_PROVIDED DATA_.
—————

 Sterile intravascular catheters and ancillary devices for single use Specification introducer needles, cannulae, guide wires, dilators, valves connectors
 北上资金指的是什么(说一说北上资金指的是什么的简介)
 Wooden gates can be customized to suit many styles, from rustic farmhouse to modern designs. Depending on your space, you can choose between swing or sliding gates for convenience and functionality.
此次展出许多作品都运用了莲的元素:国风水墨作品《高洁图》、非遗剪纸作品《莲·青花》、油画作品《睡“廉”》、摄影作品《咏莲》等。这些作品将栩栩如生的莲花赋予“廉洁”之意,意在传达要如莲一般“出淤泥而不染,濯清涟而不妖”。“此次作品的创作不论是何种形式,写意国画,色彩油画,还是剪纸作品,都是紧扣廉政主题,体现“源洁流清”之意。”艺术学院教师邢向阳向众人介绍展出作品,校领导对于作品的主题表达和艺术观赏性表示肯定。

—————

_TASK TO COMPLETE_. Every line above should be printed again exactly as it stands.

_REPLY TO THE TASK_.
 Sterile intravascular catheters and ancillary devices for single use Specification introducer needles, cannulae, guide wires, dilators, valves connectors
 北上资金指的是什么(说一说北上资金指的是什么的简介)
 Wooden gates can be customized to suit many styles, from rustic farmhouse to modern designs. Depending on your space, you can choose between swing or sliding gates for convenience and functionality.
此次展出许多作品都运用了莲的元素:国风水墨作品《高洁图》、非遗剪纸作品《莲·青花》、油画作品《睡“廉”》、摄影作品《咏莲》等。这些作品将栩栩如生的莲花赋予“廉洁”之意,意在传达要如莲一般“出淤泥而不染,濯清涟而不妖”。“此次作品的创作不论是何种形式,写意国画,色彩油画,还是剪纸作品,都是紧扣廉政主题,体现“源洁流清”之意。”艺术学院教师邢向阳向众人介绍展出作品,校领导对于作品的主题表达和艺术观赏性表示肯定。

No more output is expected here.